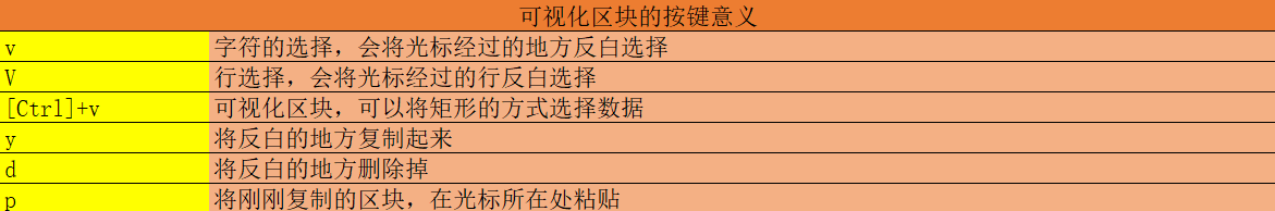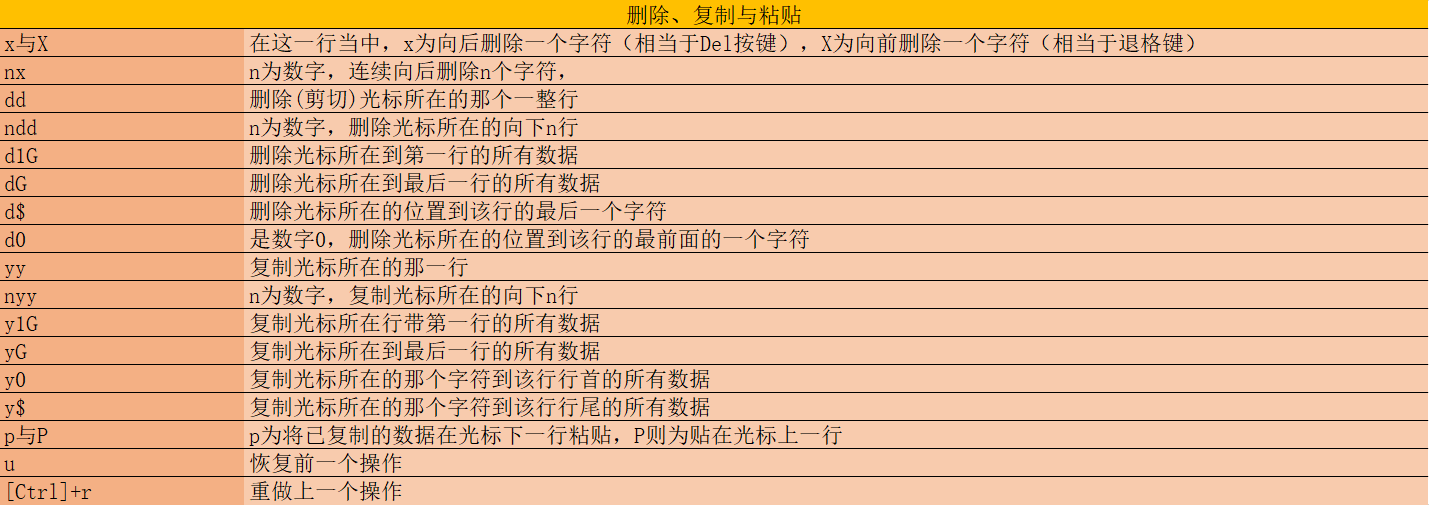 6、一般命令模式可用的功能按键说明、光标移动、复制粘贴、查找替换等(我以图片的形式给你们呈现,只是几个常用的)
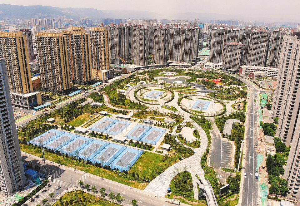 太原濱河體育公園展露新姿-新華網,6月4日,俯視之下,太原市濱河體育公園安靜坐落于汾河河畔,美麗壯觀。據了解,該公園與濱河體育中心相連,將承攬二青會網球比賽項目。會后將對市民開放,再次為省城增添一處運動休閑的絕佳場所。(記者 阮洋攝)
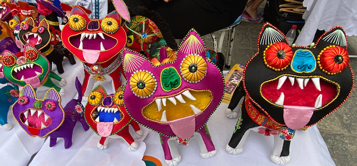 其实,瓦猫文化不单单是属于云南的文化特征,在贵州、广西、福建都有瓦猫文化的存在。它的存在范围之广,必然使之工艺手法多种多样,陶瓷、布扎、蜡染、剪纸等等,民间手工艺人利用不同的非遗技艺传承着脚下的山河土地。
○ ○ ○ ○
What you will do.
After locating the line with "太原濱河體育公園展露新姿-新", transcribe it and the rest of the data above exactly as written, without any picture.

Task response.
 太原濱河體育公園展露新姿-新華網,6月4日,俯視之下,太原市濱河體育公園安靜坐落于汾河河畔,美麗壯觀。據了解,該公園與濱河體育中心相連,將承攬二青會網球比賽項目。會后將對市民開放,再次為省城增添一處運動休閑的絕佳場所。(記者 阮洋攝)
 其实,瓦猫文化不单单是属于云南的文化特征,在贵州、广西、福建都有瓦猫文化的存在。它的存在范围之广,必然使之工艺手法多种多样,陶瓷、布扎、蜡染、剪纸等等,民间手工艺人利用不同的非遗技艺传承着脚下的山河土地。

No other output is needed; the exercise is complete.